Somehow people still fall for the scams. As long as the scammers are able to keep victims panicked, no amount of warnings will help.

That's a cop-out. Transferring money out of the country from a normal ATM is impossible, meaning the money is usually recoverable. If the people operating the Bitcoin ATMs had to share liability, their actions would help you quickly understand that warnings aren't enough.
I’ve never seen one with warnings, but it really comes back to the way Bitcoin has no safeguards built in. Scammers love it because once they get someone to make a mistake, there’s no way to reverse it unlike a conventional bank or most other payment systems. Gift card fraud is riskier (they can be locked, someone has to physically move things around & risk being caught, conversion to real money incurs a fair loss, etc.) but it’s popular because it was the best option before cryptocurrency came along and offered a fully remote alternative.
In Japan, the elderly were getting scammed so hard they started putting cell phone jammers in ATMs (traditional bank ones) since the scammers were guiding them through using the ATM to make a wire transfer
It's zany that the Bitcoin ATM ecosystem even exists.

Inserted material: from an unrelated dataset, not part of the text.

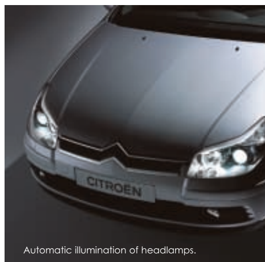
Automatic illumination of headlamps.

EuroNCAP. The New Look Citroën C5 achieved 36 from a maximum possible 37 points in the tough EuroNCAP independent crash tests, including full marks for the front impact test.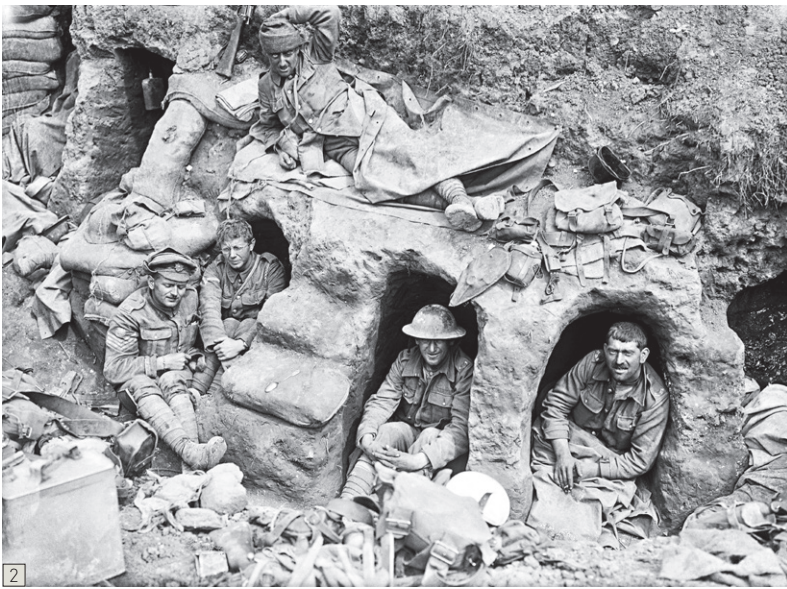
2. Soldiers resting in shallow trenches during the Battle of the Somme in 1916.

We generally don't sell speculative investments at the Kwik-e-Mart. There's no Charles Schwab kiosk next to the hot dog roller. The clerk doesn't ask if I want municipal bonds with my dubious boner pills and Lucky Strikes. The closest thing I can even imagine is forex, and even then, outside of limited trading in Pesos at the Mexican border, that's still "visit the bank and we'll call you back in a week when the envelope full of notes arrives."

Can someone describe what the legitimate market niche it serves? I'd expect that if you're in a situation where you want to use crypto as an investment, or to facilitate non-scam transactions, you have access to the Internet and non-cash payment systems, so you could use a regular exchange.

My guess is that it evolved out of the localbitcoins mindset, and more generally "people who assume typical blockchain is way more private than it is"-- because feeding cash into a kiosk without a formal KYC process is less documented than opening a Coinbase account.

The bitcoin atms follow kyc. You have to have an account with a verified identity. Examining the exchange rates offered by these ATMs and the fact that the customers are insensitive to the rates offered by these services will illuminate why these have proliferated.
I co founded one of the largest Bitcoin ATM network. You'll be surprised how many times people lied when we warned them that it can potentially be a scam. THere are multiple warning on the machine screen and outside but victims are hypnotized.